OTOH, it's awesome to have such a great race in the states, especially concurrent with the Vuelta start. Events like this can only be good for the sport. And I think Lance Armstrong's presence is helpful....he's articulate, well spoken, optimistic, and a good ambassador for American cycling IMO.


----------



## MAS-SD (Jun 14, 2008)

Sherwin and Liggett seem to be phoning it in too. At one point Phil kept saying that Sagan was trying to bridge the gap to a breakaway. He's in Spain right now at the Vuelta, so it would be tough to bridge from across the pond. Usually VS is outstanding, but this is a debacle all around.


----------



## Bocephus Jones II (Oct 7, 2004)

MAS-SD said:


> Sherwin and Liggett seem to be phoning it in too. At one point Phil kept saying that Sagan was trying to bridge the gap to a breakaway. He's in Spain right now at the Vuelta, so it would be tough to bridge from across the pond. Usually VS is outstanding, but this is a debacle all around.


And it's Contador for the win!


----------



## nayr497 (Nov 8, 2008)

I don't own a t.v. On the road doing work though and staying with a friend who has a t.v. and has Versus. I was pleasantly surprised to find the race on last night at 23:00.

For me, any bike racing I watch on a screen bigger than my laptop is a huge treat.


----------



## Jake123 (Aug 25, 2011)

double_b said:


> I just started road biking a little over a month ago. Starting to train for some Tri's. I was psyched when I did a search for cycling on my DVR and saw last week some stages of the "Veulla"(sp??) and I watched the standard def Universal Sports and while it was SD I enjoyed watching it since it was cycling.
> 
> Then I DVR'ed Stage 2 of the USA Pro ...OMG....I won't be DVR'-ing any of the other stages....obviously the feed freezing was the main issue but even beyond that I enjoyed seeing current speeds, time delta from the group to the leaders, etc..... The Pro Challenge has NONE of that...wtf?? Terrible. Totally turned me off as a new viewer.

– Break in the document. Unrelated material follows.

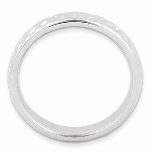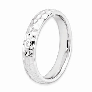 • Make it simple and stylish with bands of different textures, finishes, widths and colors! This rhodium plated sterling silver band features a hammered design with a high polished finish that measures 4. Mm wide. Guaranteed to fit together perfectly with all of the mix and match Stackable Expressions rings. This item is backordered. Please allow 7-10 business days for delivery
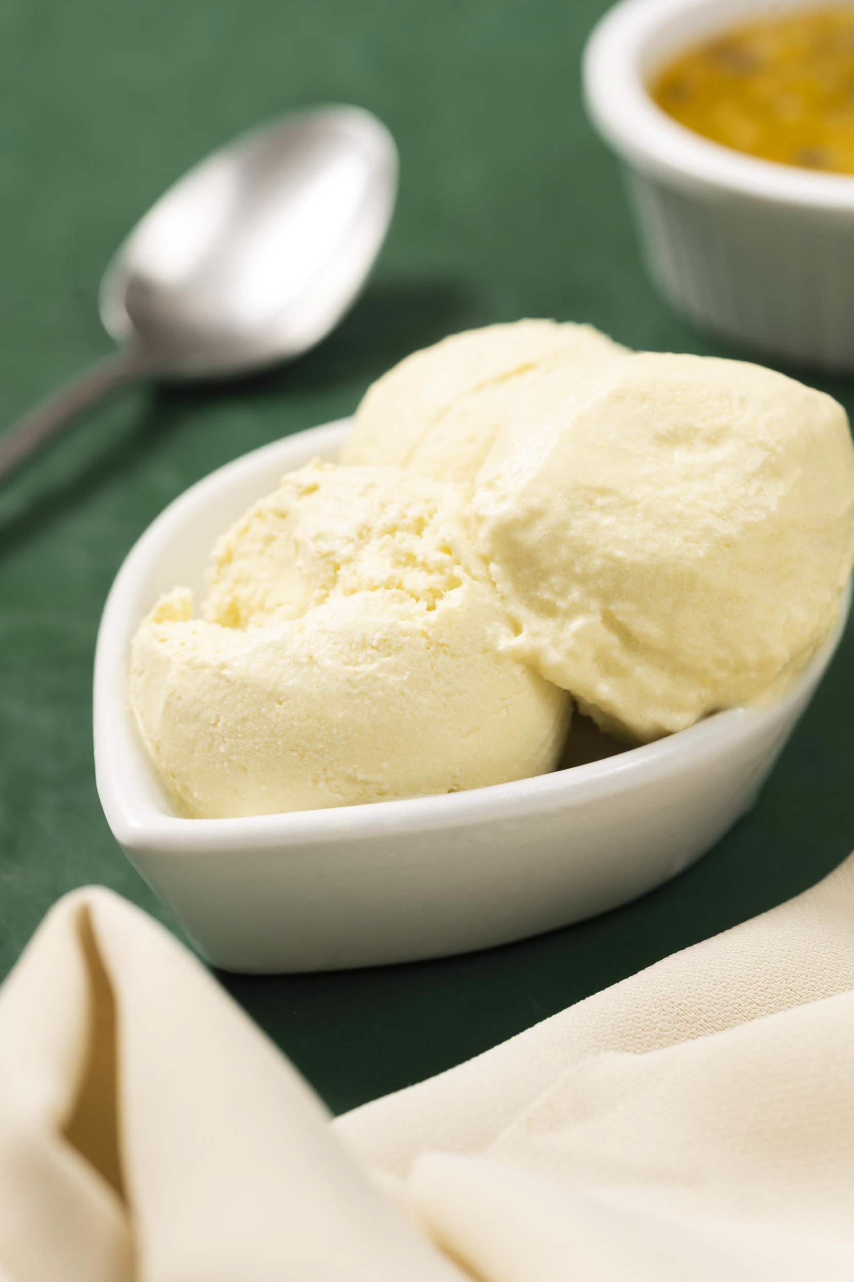 Helado sin azúcar y sin lactosa de Maracuyá de consistencia cremosa.

Go to their website and watch it at www.shacktracker.usaprocyclingchallenge.com and you will get everything you want.


----------



## EndoMadness (Jul 14, 2005)

MAS-SD said:


> Sherwin and Liggett seem to be phoning it in too. At one point Phil kept saying that Sagan was trying to bridge the gap to a breakaway. He's in Spain right now at the Vuelta, so it would be tough to bridge from across the pond. Usually VS is outstanding, but this is a debacle all around.


Actually Sagan is in the race,,,,brother juraj.


----------



## MattSoutherden (Jun 24, 2009)

MAS-SD said:


> Sherwin and Liggett seem to be phoning it in too. At one point Phil kept saying that Sagan was trying to bridge the gap to a breakaway. He's in Spain right now at the Vuelta, so it would be tough to bridge from across the pond.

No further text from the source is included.